▶ _Problem requirements_
The entries that follow should be reproduced exactly, with no images carried over.

[Data Boundary: Start]

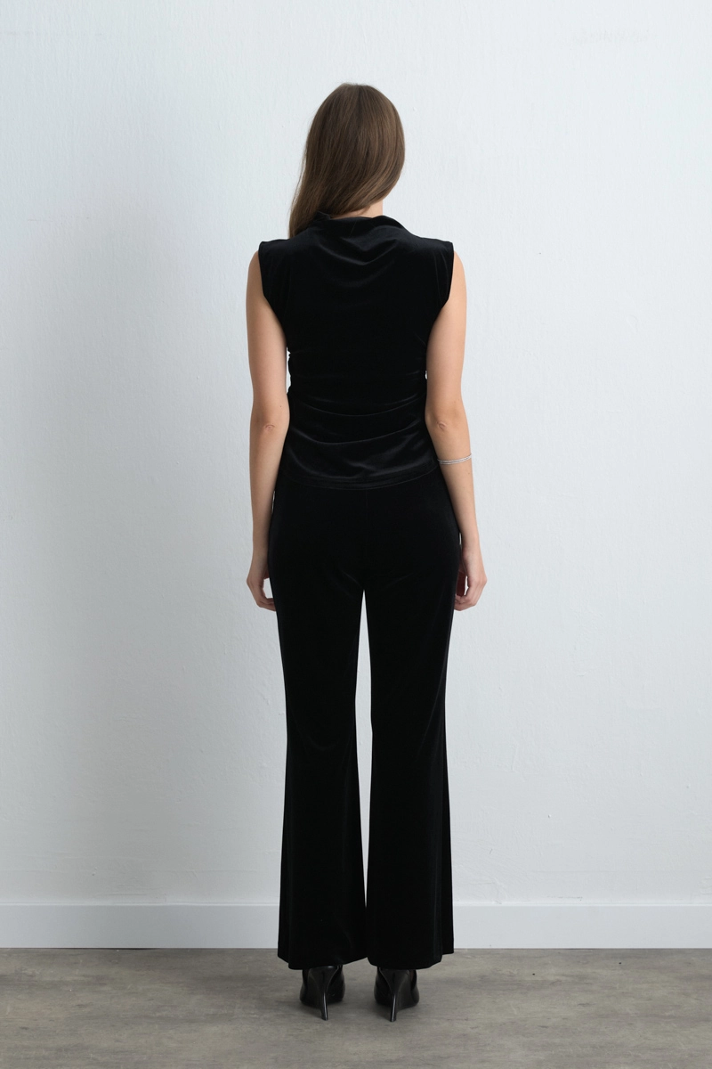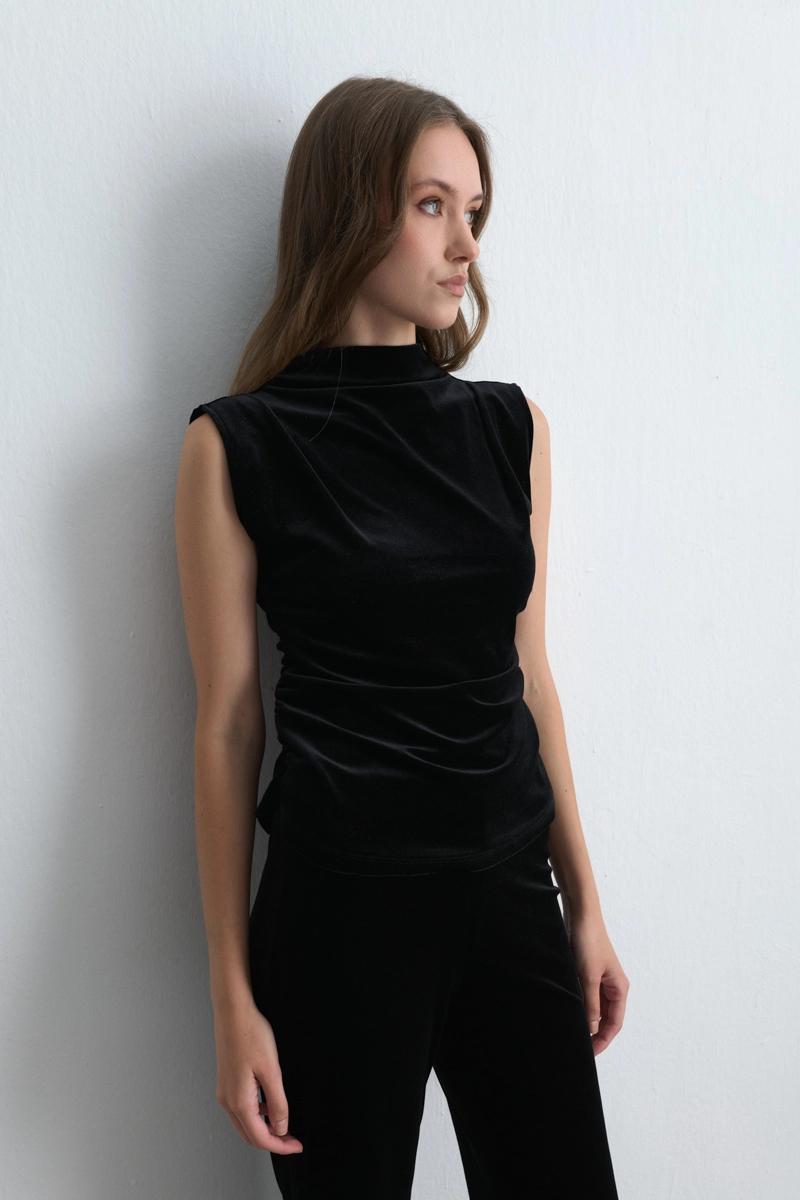 This blouse combines the luxurious texture of velvet with a modern design, reflecting elegance in black. The high collar and gathered details offer feminine sophistication, suitable for special occasions or evening dinners. Paired with sparkling accessories, it creates a bold style. The relaxed fit merges style with all-day comfort.
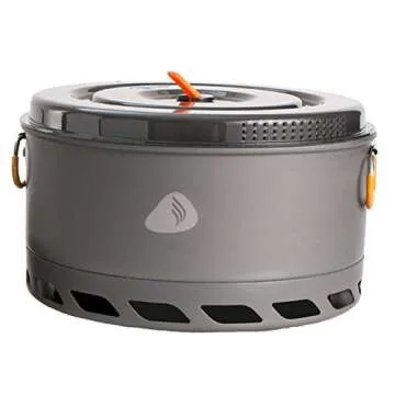 Optimized for use with Jetboil's Genesis and HalfGen cook stoves, the pot nests snugly over these burners for maximum heat efficiency and stability. Included is a convenient strainer lid and a protective skirt that shields the pot's sides during cooking. At 10 inches in diameter and 6 inches tall, this pot is designed to cook large meals quickly and effectively—perfect for family outings or group camping sessions.
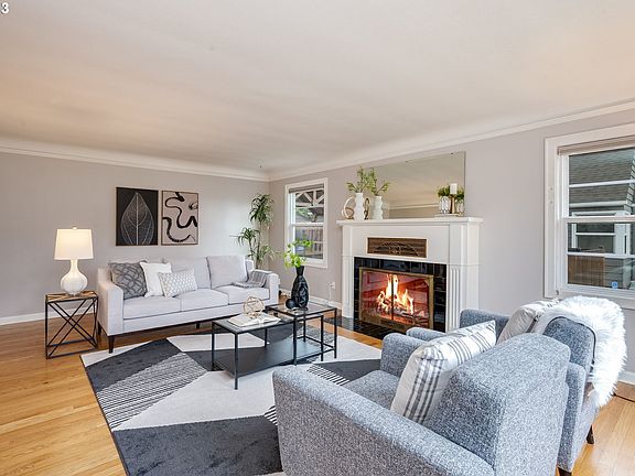 Great Woodstock area home with all the classically charming features you'd expect in 1948 but with modern amenities and upgrades. Host friends and family in the gated privacy of your backyard (kids play structure included) while hanging out on the covered wrap around porch. Or host a dinner party in the spacious formal dining and living room adorned with classic hardwood and arching entrances with one of two fireplaces going in the background. Enjoy breakfast and soak in the sunshine from the airy nook and newly remodeled kitchen. Enjoy the comfort of the main level primary bedroom and home office. Head upstairs to three additional bedrooms (one being a primary bedroom)all with new flooring, mini-splits, tons of storage and closet space for days! Finish off your tour with the lower level. Check out the potential of over 1400 sqft of additional living space with a gas fireplace and copious amounts of storage. Transform this versatile space (with interior and exterior access) into multi-generational living space, game room, hobby hole...you name it! So many options! Detached garage features enough space for parking and tinkering with a loft above(electric car charger included). Potential for ADU or garage/shop to be divided off and sold as a separate lot(confirm with the city). Don't wait. Come see this beautiful home, with it's original unique charm and modern touches. [Home Energy Score = 2. HES Report at https://rpt.greenbuildingregistry.com/hes/OR10221715]
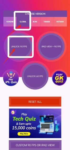 用户打开应用后,可点击“GLOBAL”选项,随后选择“解锁90FPS”功能。
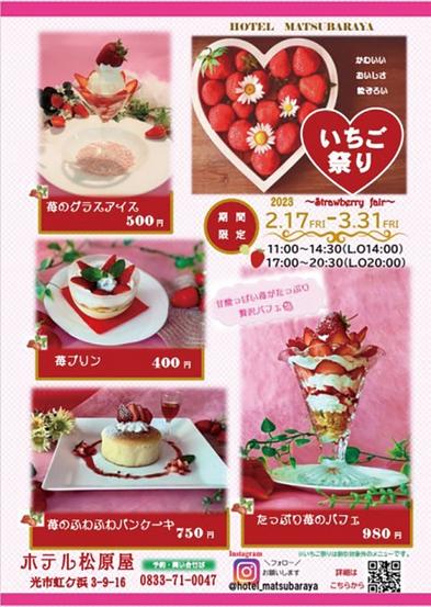 山口県光市虹ケ浜のホテル松原屋のレストラン LesPier が31日(金)までイチゴのデザートが楽しめる「いちご祭り」を開催し、人気を集めている。 メニュー...
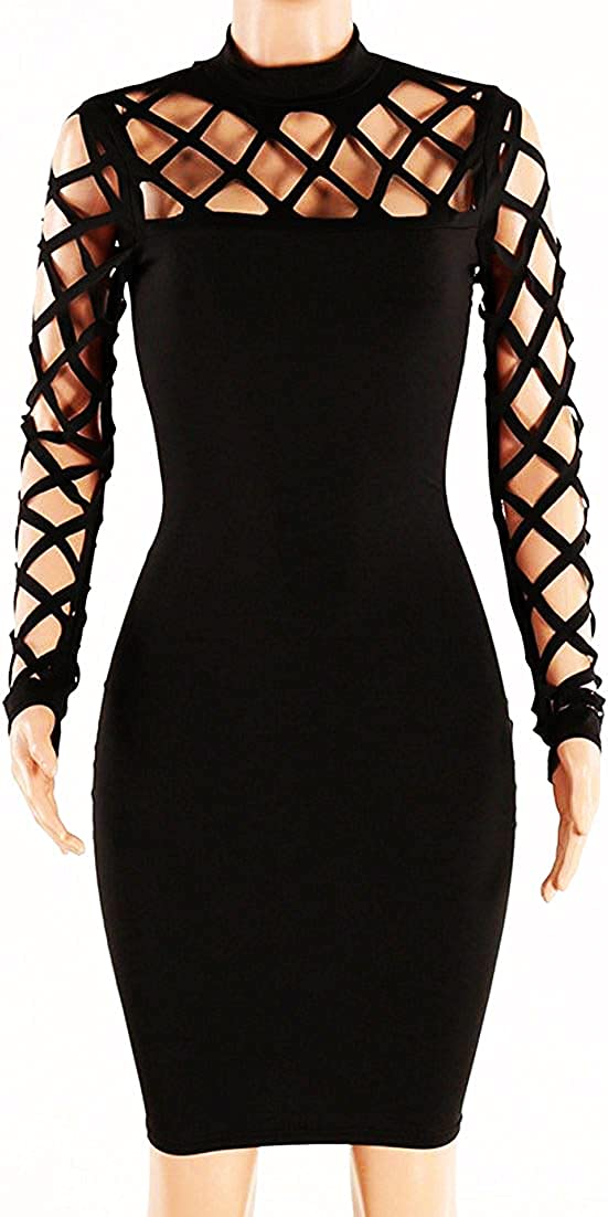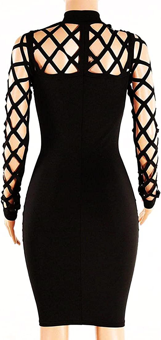 Package Included:1*Women's Black Hollow Out Bandage Clubwear Long Sleeve Bodycon Dresses.
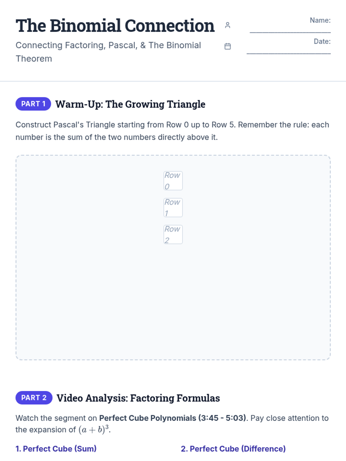 A comprehensive worksheet for 11th-12th grade students exploring the link between Pascal's Triangle, binomial expansion, and factoring formulas. Includes space for drawing the triangle, video observations, and high-level expansion challenges.
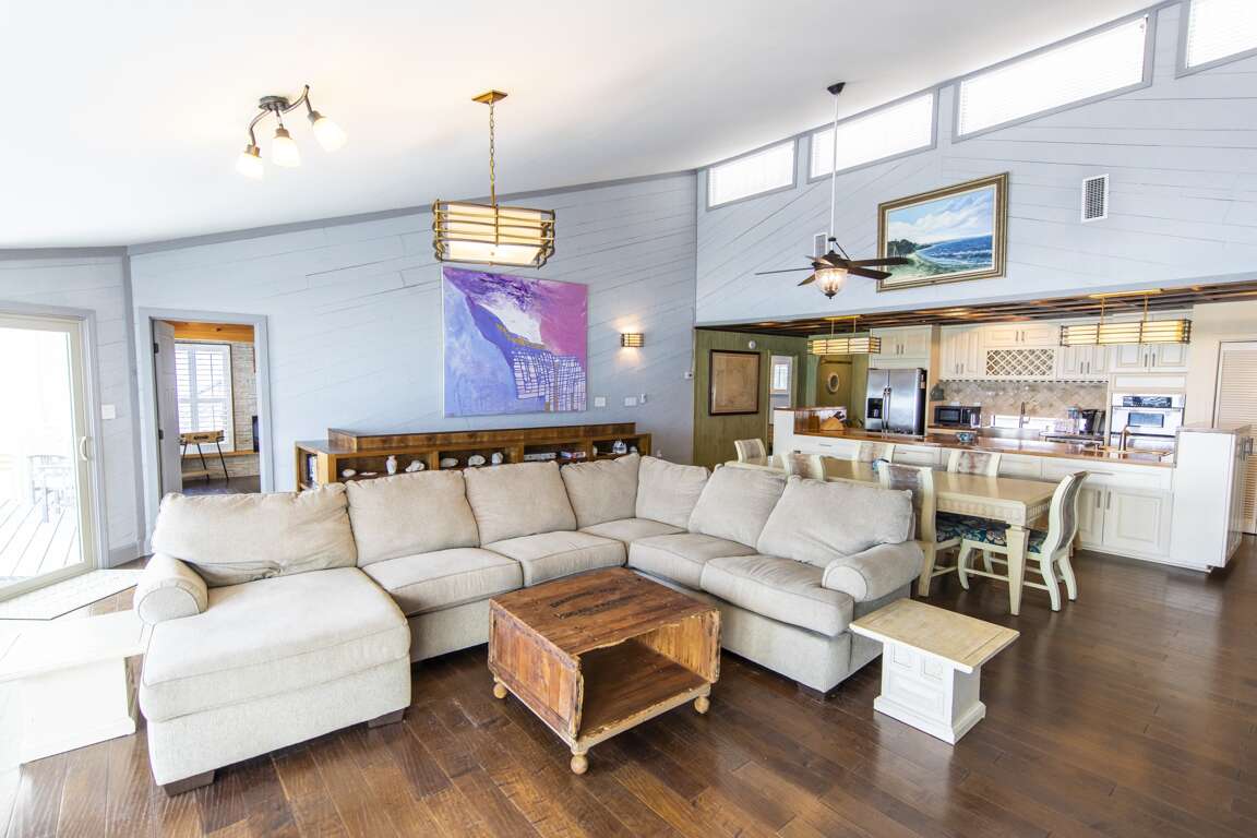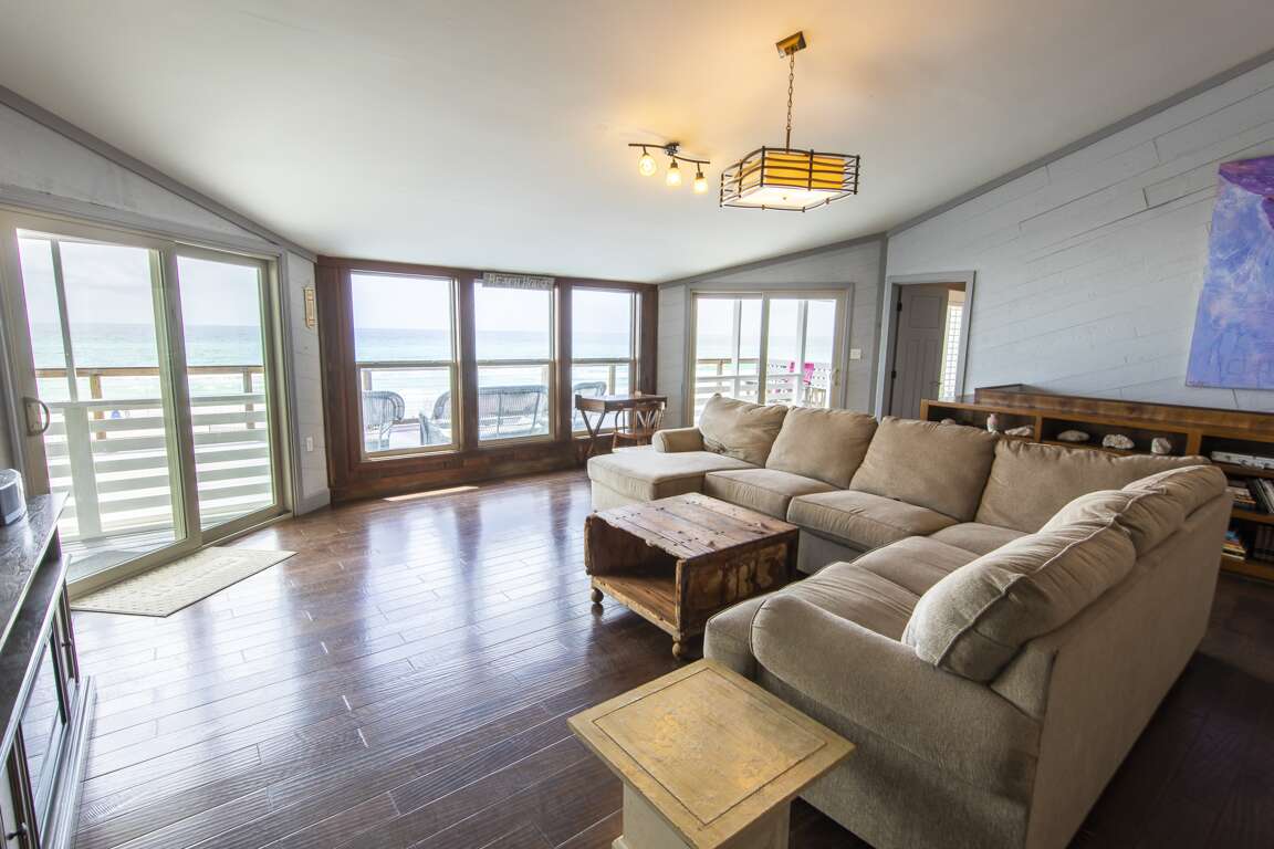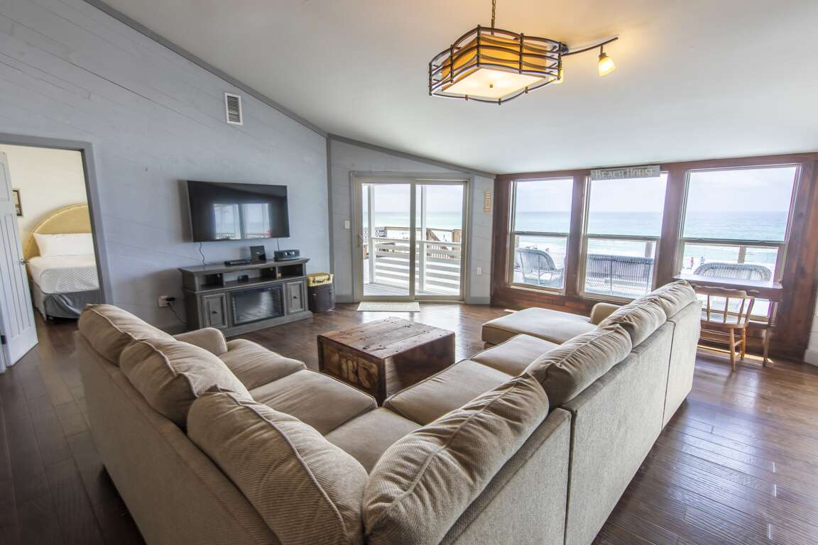 Indulge in the epitome of upscale beachfront living at our luxurious 5-bedroom beach house in Dune Allen Beach, FL, accommodating up to 11 guests. Featuring a grand cathedral ceiling in the living area, convenient beach access from the backyard, and panoramic Gulf views from large windows, this property promises an unparalleled vacation experience. Enjoy the oversized island in the kitchen, large leather sectional for cozy movie nights, and family-friendly accommodations perfect for beach vacations. Embrace comfort and entertainment with an elegant ambiance and emphasis on relaxation. Discover more about this delightful stay with beautiful vistas and entertainment options.

[Data Boundary: End]

▶ _Answer to the problem_
 This blouse combines the luxurious texture of velvet with a modern design, reflecting elegance in black. The high collar and gathered details offer feminine sophistication, suitable for special occasions or evening dinners. Paired with sparkling accessories, it creates a bold style. The relaxed fit merges style with all-day comfort.
 Optimized for use with Jetboil's Genesis and HalfGen cook stoves, the pot nests snugly over these burners for maximum heat efficiency and stability. Included is a convenient strainer lid and a protective skirt that shields the pot's sides during cooking. At 10 inches in diameter and 6 inches tall, this pot is designed to cook large meals quickly and effectively—perfect for family outings or group camping sessions.
 Great Woodstock area home with all the classically charming features you'd expect in 1948 but with modern amenities and upgrades. Host friends and family in the gated privacy of your backyard (kids play structure included) while hanging out on the covered wrap around porch. Or host a dinner party in the spacious formal dining and living room adorned with classic hardwood and arching entrances with one of two fireplaces going in the background. Enjoy breakfast and soak in the sunshine from the airy nook and newly remodeled kitchen. Enjoy the comfort of the main level primary bedroom and home office. Head upstairs to three additional bedrooms (one being a primary bedroom)all with new flooring, mini-splits, tons of storage and closet space for days! Finish off your tour with the lower level. Check out the potential of over 1400 sqft of additional living space with a gas fireplace and copious amounts of storage. Transform this versatile space (with interior and exterior access) into multi-generational living space, game room, hobby hole...you name it! So many options! Detached garage features enough space for parking and tinkering with a loft above(electric car charger included). Potential for ADU or garage/shop to be divided off and sold as a separate lot(confirm with the city). Don't wait. Come see this beautiful home, with it's original unique charm and modern touches. [Home Energy Score = 2. HES Report at https://rpt.greenbuildingregistry.com/hes/OR10221715]
 用户打开应用后,可点击“GLOBAL”选项,随后选择“解锁90FPS”功能。
 山口県光市虹ケ浜のホテル松原屋のレストラン LesPier が31日(金)までイチゴのデザートが楽しめる「いちご祭り」を開催し、人気を集めている。 メニュー...
 Package Included:1*Women's Black Hollow Out Bandage Clubwear Long Sleeve Bodycon Dresses.
 A comprehensive worksheet for 11th-12th grade students exploring the link between Pascal's Triangle, binomial expansion, and factoring formulas. Includes space for drawing the triangle, video observations, and high-level expansion challenges.
 Indulge in the epitome of upscale beachfront living at our luxurious 5-bedroom beach house in Dune Allen Beach, FL, accommodating up to 11 guests. Featuring a grand cathedral ceiling in the living area, convenient beach access from the backyard, and panoramic Gulf views from large windows, this property promises an unparalleled vacation experience. Enjoy the oversized island in the kitchen, large leather sectional for cozy movie nights, and family-friendly accommodations perfect for beach vacations. Embrace comfort and entertainment with an elegant ambiance and emphasis on relaxation. Discover more about this delightful stay with beautiful vistas and entertainment options.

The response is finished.